Is Klein bottle an algebraic variety? Is Klein bottle an algebraic variety? I guess no, but how to prove. How about other unorientable mainfolds? 
If we change to Zariski topology, which mainfold can be an algebraic variety? 
 A: Any complex manifold is not merely an orientable manifold but an oriented manifold. Hence the Klein bottle cannot be a complex manifold (and so not complex algebraic).
Indeed, consider the holomorphic tangent bundle $T M$ of a complex manifold $M$. We define an orientation as follows: take a complex basis $e_1, \ldots, e_n$, and declare the real basis $e_1, \ldots, e_n, i e_1, \ldots, i e_n$ to be positively oriented. One can check that this is independent of the choice of complex basis, so this defines a global orientation of $M$.

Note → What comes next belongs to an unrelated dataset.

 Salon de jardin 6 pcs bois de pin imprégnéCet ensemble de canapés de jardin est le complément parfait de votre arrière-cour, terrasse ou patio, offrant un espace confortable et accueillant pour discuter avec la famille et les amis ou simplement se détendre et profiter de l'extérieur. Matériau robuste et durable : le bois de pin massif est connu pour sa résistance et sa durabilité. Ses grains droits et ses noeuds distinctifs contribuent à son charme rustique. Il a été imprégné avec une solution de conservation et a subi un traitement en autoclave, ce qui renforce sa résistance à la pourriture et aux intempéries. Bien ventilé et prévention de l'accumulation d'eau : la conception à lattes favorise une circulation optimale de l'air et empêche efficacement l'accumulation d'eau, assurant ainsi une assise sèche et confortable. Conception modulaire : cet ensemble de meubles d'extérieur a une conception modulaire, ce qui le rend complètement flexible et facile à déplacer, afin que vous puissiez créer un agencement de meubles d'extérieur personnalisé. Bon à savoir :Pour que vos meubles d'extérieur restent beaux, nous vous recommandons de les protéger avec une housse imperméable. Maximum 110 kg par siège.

A: In the introduction (second page) of this paper of Biswas and Huisman, it is explained that any non-orientable compact topological surface $X$ is real algebraic (i.e. there exists a real smooth algebraic surface $S$ whose real points $S(\mathbb R)$ endowed with the natural differential structure is diffeomorphic to $X$). 

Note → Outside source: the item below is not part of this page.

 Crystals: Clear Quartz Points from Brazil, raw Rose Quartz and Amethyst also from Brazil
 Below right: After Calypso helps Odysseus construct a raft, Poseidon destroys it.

In the case of Klein bottle, the corresponding algebraic surface is simply the blowup of $\mathbb P^2(\mathbb R)$ along a real point (I don't know topology enough to see why this is true). They also prove this algebraic surface is unique (in some sense, because blowing-up further a non-real point doesn't change the real points but change the algebraic surface).